Merah : un procès pour rien ?

Dans mon blog du 2 octobre 2017 (« Procès Merah : ni oubli, ni pardon »), j’écrivais ceci :
« Que les cinq semaines du procès Merah soient l'occasion de mettre en lumière ce nouvel antisémitisme des années 2000, qui ne vient plus seulement de l'extrême droite, mais aussi d'une partie de la jeunesse d'origine immigrée, elle-même discriminée et reportant ses frustrations sur les Juifs, accusés d'avoir "réussi". Et que le soutien légitime de la gauche radicale au peuple palestinien, à qui la justice est refusée depuis trop longtemps, n'empêche pas d'agir contre les manifestations de l'antisémitisme ».

Ce procès se termine, et mes interrogations demeurent entières. La question n’est pas celle du verdict, mais de la teneur des débats. Ils ont bien peu porté sur cette question de l’antisémitisme, même si certains organes de presse s’y sont référés. On a surtout fait le procès du terrorisme, du rapport de Merah à la loi républicaine. Un des témoins, tout de même, le père et grand-père de victimes de l’école juive a exprimé ce qu’il convenait de dire, faisant le rapport avec le nazisme. En effet, la manière dont Merah s’est acharné sur ces enfants est dans la lignée de ceux qui voulurent exterminer les Juifs, « parce qu’ils étaient nés ». Et le fait que trois quarts de siècle plus tard certains veuillent recommencer ne soulève pas plus d’indignation qu’un fait divers ! Non, ce procès n’a décidément pas rempli son rôle. Non la société française n’a pas encore pris conscience de la réalité de l’antisémitisme, à moins qu’elle ne l’accepte, comme un mal inévitable. Alors qu’un récent sondage montre que près de la moitié des Juifs (46%) songent à quitter la France à cause de l’antisémitisme renaissant. Alors que la stèle en mémoire d’Ilan Halimi a été de nouveau profanée.
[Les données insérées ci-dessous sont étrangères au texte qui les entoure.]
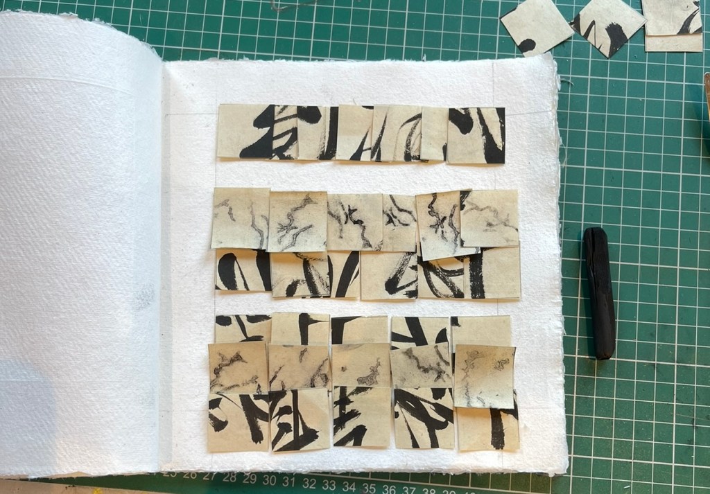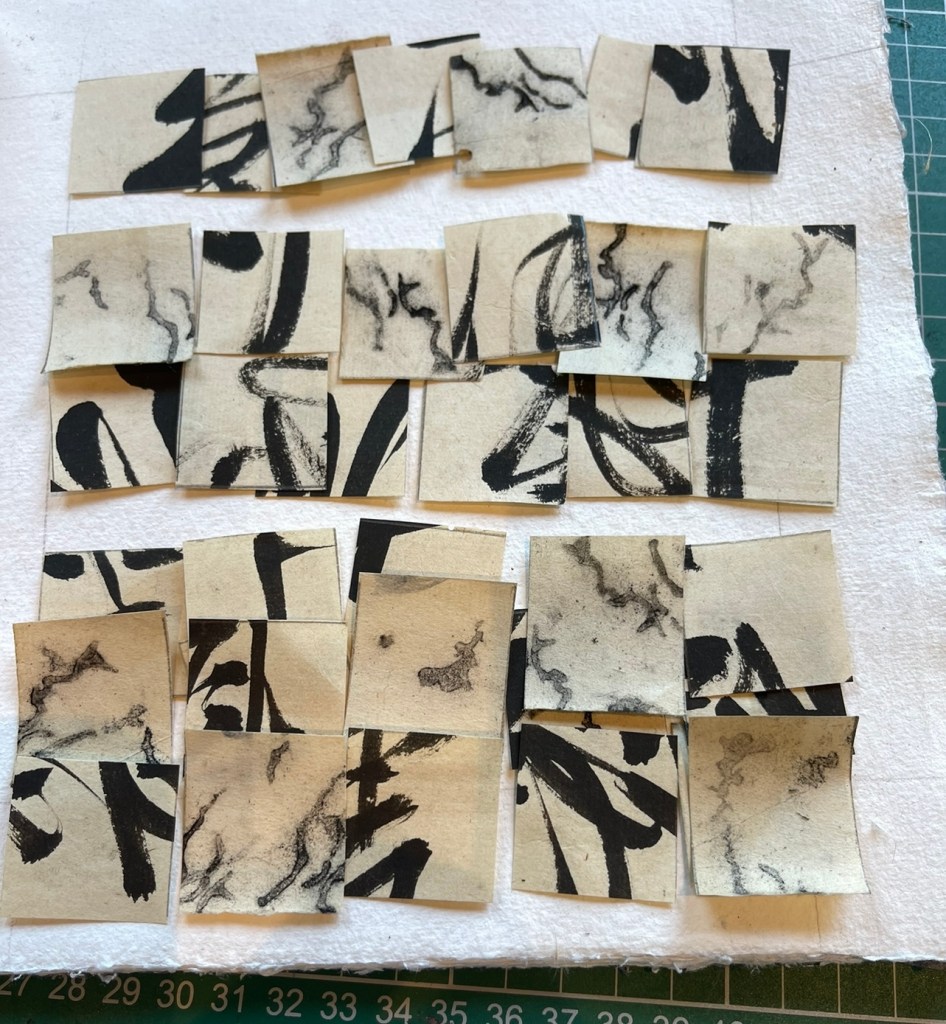 Not wanting to limit the investigation to the stencil only I played with some small-scale work using both the worm stencils and the beautiful inked letters.

Quant à la gauche radicale, que j’exhortais à réagir à la remontée de l’antisémitisme, a-t-elle profité du procès pour parler de cette question ? Elle qui est sensible à toutes les injustices. Une consultation rapide d’une partie de la presse d’extrême gauche montre que non. Elle a même réussi à passer l’événement sous silence. Des dirigeants de la gauche radicale qui font des blogs et des vidéos sur nombre de sujets n’en ont pas eu un, semble-t-il, pour saisir l’occasion de dénoncer l’antisémitisme. Qu’attendent donc tous ces courants ? D’autres Merah ? Ou bien a-t-on définitivement, dans la gauche radicale, pris le parti de considérer qu’à propos de l’antisémitisme il n’y a rien à dire. Ce serait une terrible erreur, une de celles qu’on ne rattrape pas. Est-il encore temps ? Rien n’est moins sûr.